E allora la docente abbassa la voce e gli dice in faccia: “Va bene, usciamo, ma deve essere una cosa ben organizzata”.
Le varie opposizioni che si ritrovano attorno alla chiamata dei sindacati di organizzazione non ne dimostrano molta.
La piazza sembra una sorta di Hyde Park, a ogni angolo c’è un leader in gestazione — Civati, Fassina o Di Battista — che anima intorno un piccolo talk show.
Tra loro, però, non si parlano. A un certo punto passa anche Marco Pannella, la sede dei radicali è dietro l’angolo, si ferma a parlare con gli insegnanti e ad ascoltare i comizi.
Dal palco si alternano le voci degli insegnanti, dei sindacalisti e dei politici. La convergenza sul merito è totale: questa legge andrebbe ritirata e riscritta da capo, ascoltando davvero gli insegnanti.
Invece, in aula, si va spediti come un treno. Ieri sono stati approvati i primi tre articoli e di aperture alle minoranze non se ne sono viste. La parte più delicata deve ancora venire.
Fassina, ad esempio, ha presentato tre emendamenti-chiave sulla chiamata diretta dei docenti, sul piano pluriennale per le docenze e sul 5 per mille.

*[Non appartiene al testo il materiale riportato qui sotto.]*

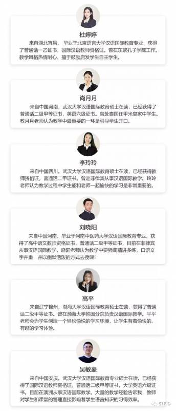 51kid的中文老师均是国内顶级水平。51kid承诺,所有教师均具备普通话二级甲等或以上水平。100%本科及以上学历,50%以上为硕士学历,40%+具备国际教学经验。更有国内顶尖的中文教育专业博士生导师顾问为课程赋能。
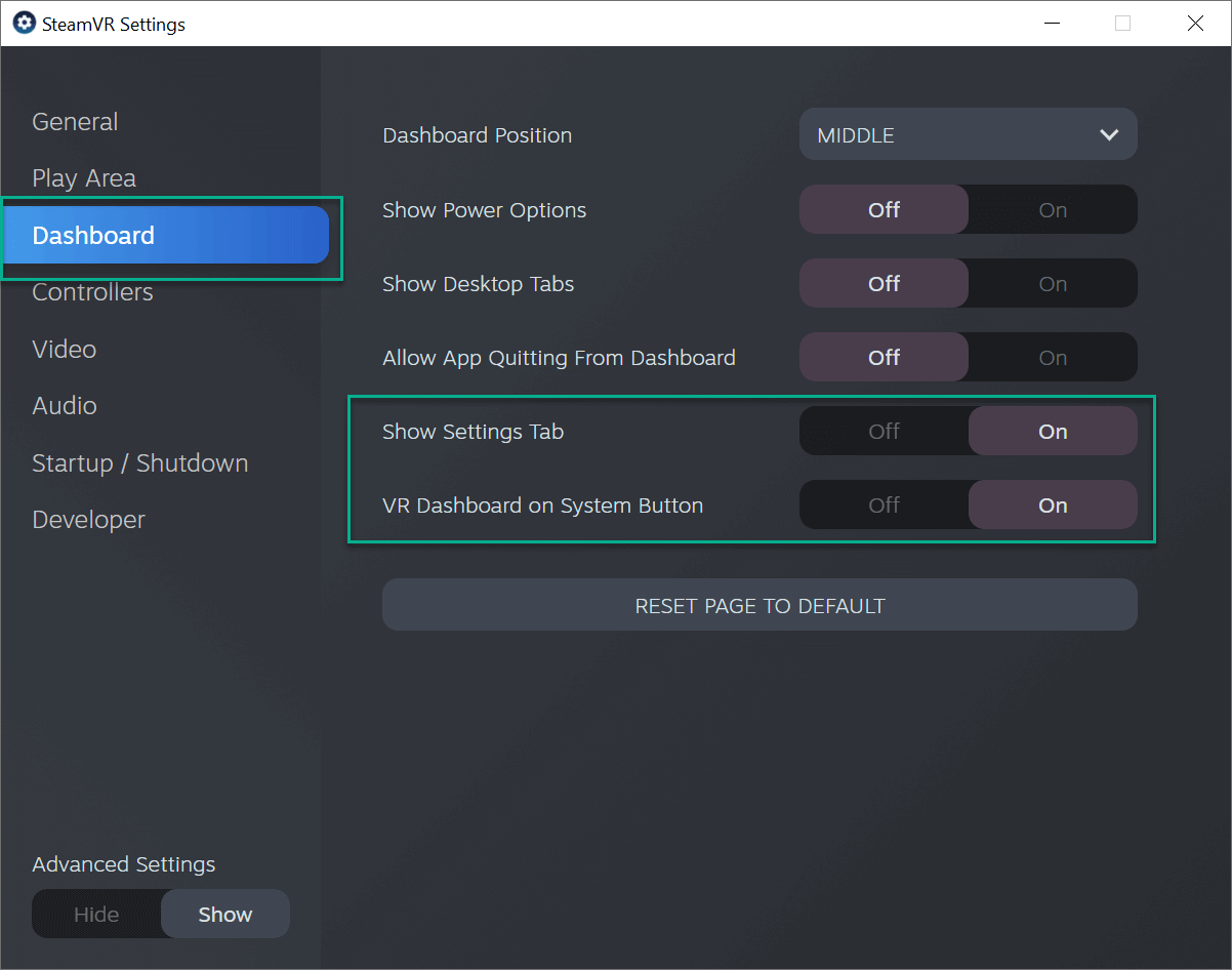 - After you complete the setup for Motion Vector in SteamVR, via the steps below, come back to SteamVR Settings: Dashboard and turn both of these OFF
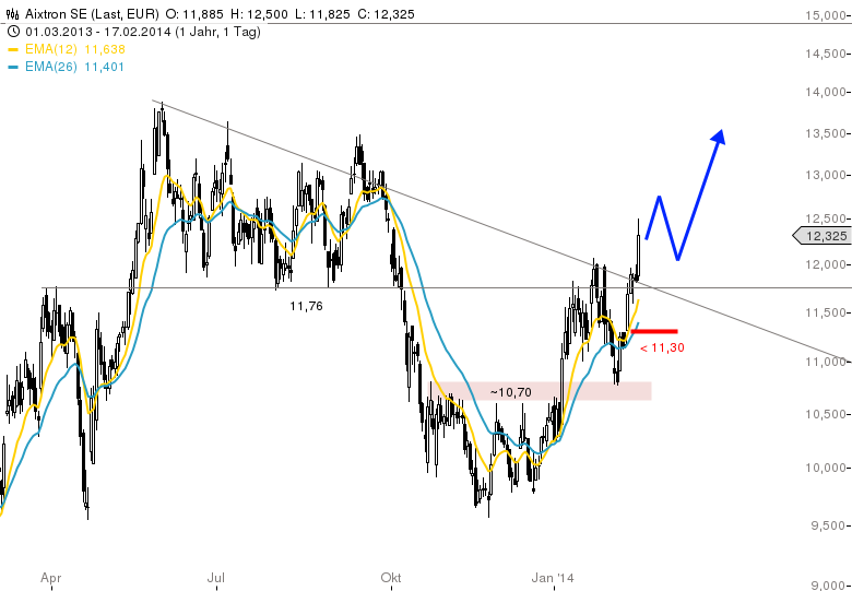 Über Wochen hin ringen die Käufer in Aixtron mit dem Widerstandsbereich bei 10,70 Euro, der am 07. Januar endlich nachhaltig überwunden werden konnte. Dies führte zu einem Pullback zurück an das Widerstandscluster um 11,76 Euro, wo sich die Bullen einer nächsten größeren Hürde gegenüber sahen. Unter diese alte Unterstützungszone fiel der Kurs im Oktober 2013 zurück und startete damit eine größere Verkaufswelle bis auf ein Tief bei 9,56 Euro. Das waren ausgehend vom vorangegangenen Hoch immerhin gute 30% an Wertverlust, bevor sich die Käufer wieder deutlicher zurückmelden konnten.
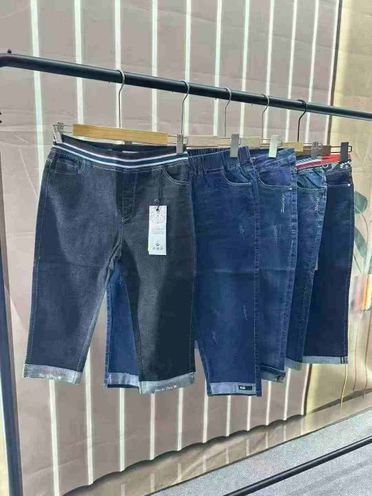全清7.9。夏季薄款松紧腰七分裤修身显瘦牛仔裤女2025新款高腰弹力...
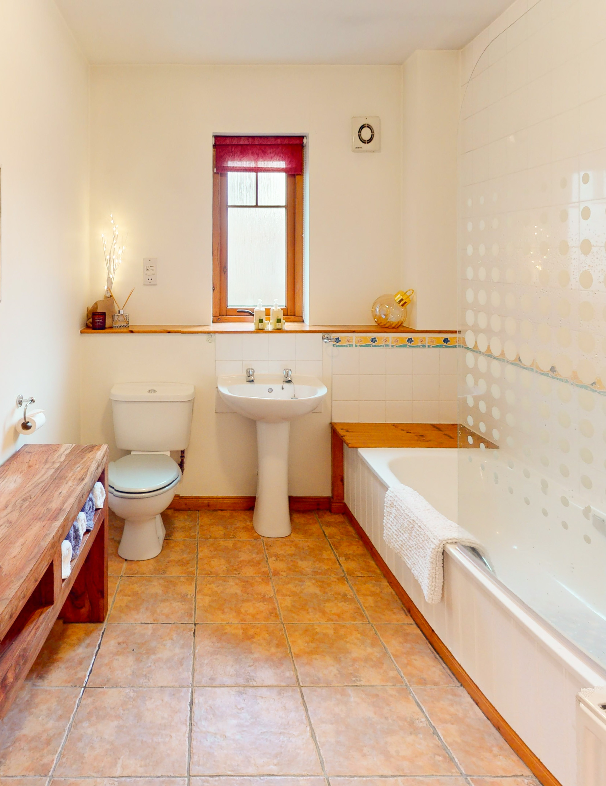 A utility room with washer/dryer is conveniently located at the front door, perfect for changing muddy gear after outdoor adventures in the Cairngorms National Park. Upstairs, you will find three bedrooms: a fresh and inviting en-suite master bedroom, a comfortable twin room, and a fun bunk bedroom complete with colourful bean bags, books, and retro arcade games. A sparkling family bathroom completes the upstairs.
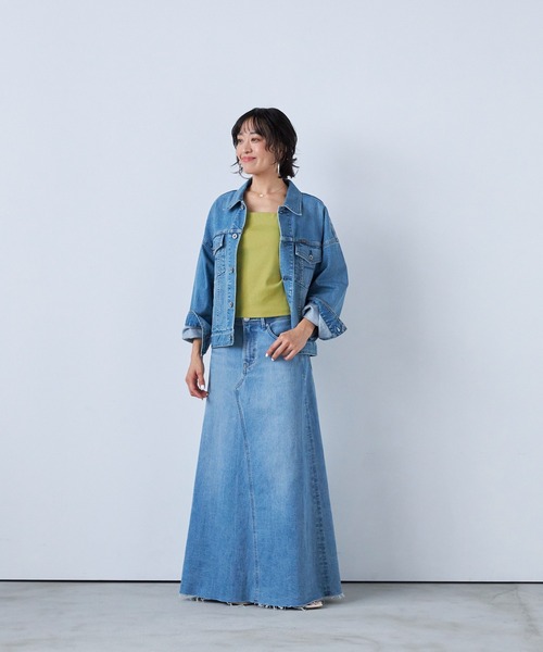★STORY(ストーリー) 3月号 P.95掲載アイテムワイドパンツをリメイクしたようなカットラインがポイントのAラインスカート【Silhouette】腰回りはすっきりとした作りで、ミドルウエストで窮屈感がないのが嬉しいポイント。裾に向けてたっぷりとフレアを出したシルエットが新鮮な1枚です。後ろには深めのスリットが入っているので足捌きも良く、軽やかにみえます。【Fabric】YANUK定番のストレッチデニムです。肉感を拾いにくい適度なハリ感がありながらも柔らかい穿き心地で、軽やかな落ち感を実現しています。【Color】ユーズドライクのライトブルーです。オーバーダイを施しているのでベージュがかったブルーがトレンド感を演出してくれます。程よいライトブルーでシーズンレスかつトップスのカラーも選ばない汎用性の高い1枚です。●YANUK2003年よりスタートしたL.A.発のデニムブランド" YANUK (ヤヌーク) "誕生以来、計算されたカットワーク、ステッチ、本格的な加工により女性のための美しいラインを追求し続けています。ヤヌーク最大の魅力はシルエットの美しさにあります。選び抜かれた素材と絶妙なカッティング、心地よい穿き心地。時代によってトレンドは変わっても、ファッションを愛する女性たちに優しく寄り添い、着こなしが楽しくなるような最愛のパートナーでありたいと願っています。
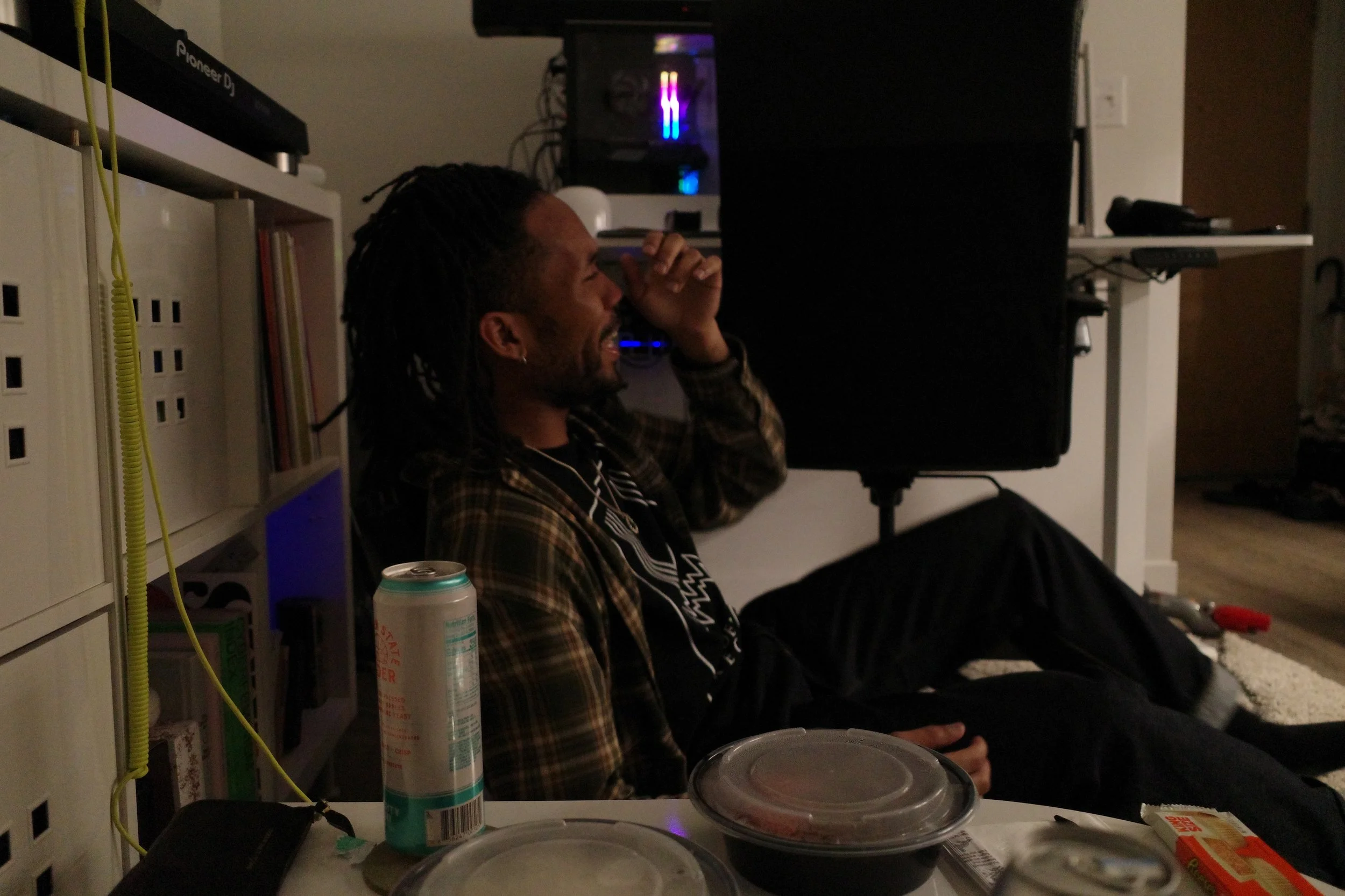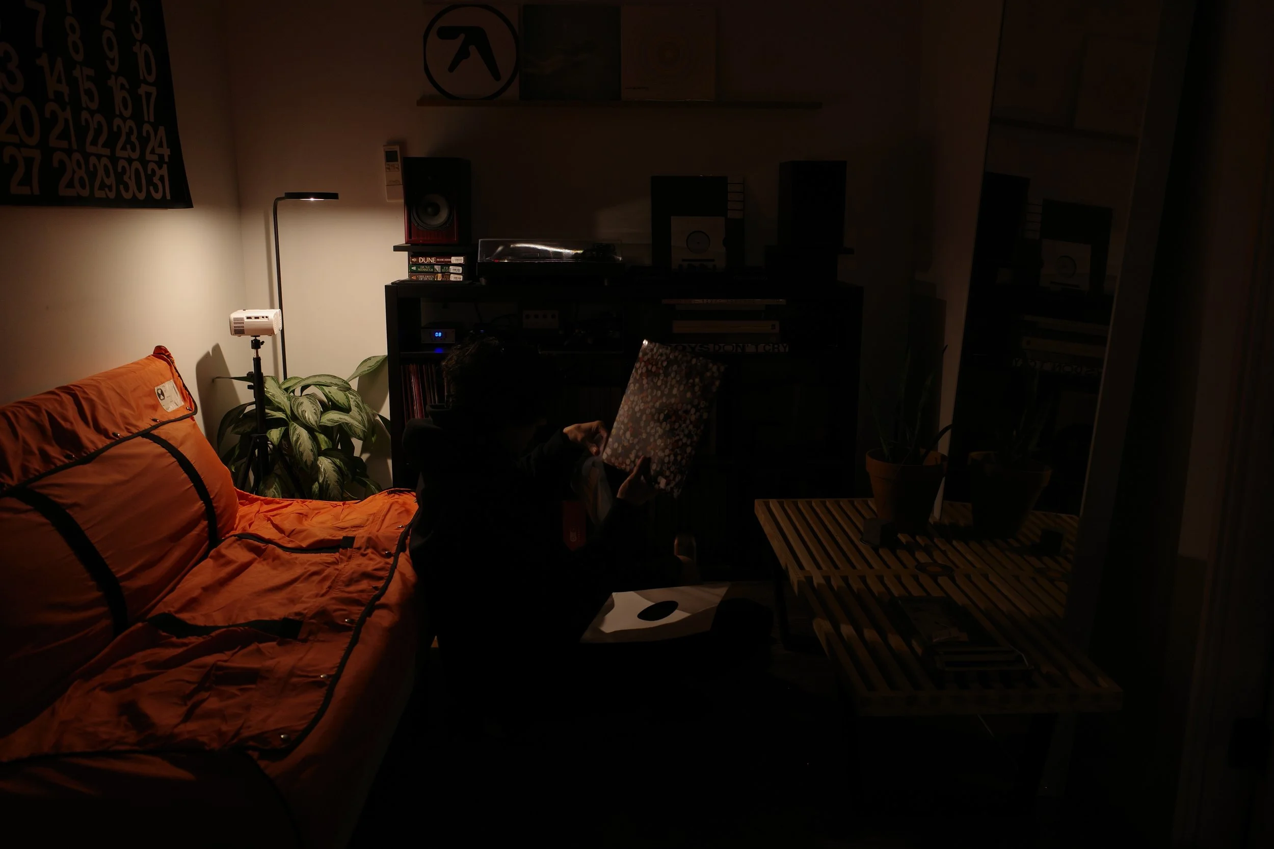 When I wake up, the first thing I do is put on music in my living room, and Nick’s home reminded me of myself and my living situation. Anything that gets me moving, makes my body shake, something to wake me up since caffeine doesn’t cut it anymore and my tolerance is shot to high heaven. Nick’s Bushwick apartment features a living room with that same intentionality, records of different genres neatly stuffed in a KALLAX bookshelf with a record player on its Swedish noggin. I knew we were on the same wavelength after we shared Four Tet tracks with one another, months prior to this night, so I knew I wanted to capture him sorting music that he loved. I love how tangible that passion we have for music, and how it makes us feel, is in this photo.

Questo potrebbe essere il punto che, almeno fino ad oggi, il governo potrebbe rivedere per andare incontro alle richieste di chi dice che finanziare le singole scuole significherebbe creare istituti di serie A e di serie B.
Ma anche per andare incontro alle proteste delle associazioni no-profit che si vedrebbero togliere una parte dei loro finanziamenti.
Dal fronte sindacale viene assicurata continuità nella mobilitazione.
Già lunedì 18 maggio si terranno assemblee nelle scuole e cortei nelle varie città al pomeriggio. Il 19, poi, ci sarà un appuntamento, che si annuncia “rumoroso” davanti a Montecitorio.
Il sindacato sembra non spaventarsi nemmeno davanti alle minacce di precettazione che sono giunte in relazione all’eventuale blocco degli scrutini.
“Noi sciopereremo anche nel periodo degli scrutini”, dice Mimmo Pantaleo, segretario della Flc-Cgil. Come proseguirà la mobilitazione, in ogni caso, sarà definito dopo il voto delle Regionali.
Lì si vedrà se l’effetto della protesta degli insegnanti sarà stato rilevante e se Matteo Renzi avrà o meno l’intenzione di ascoltarlo.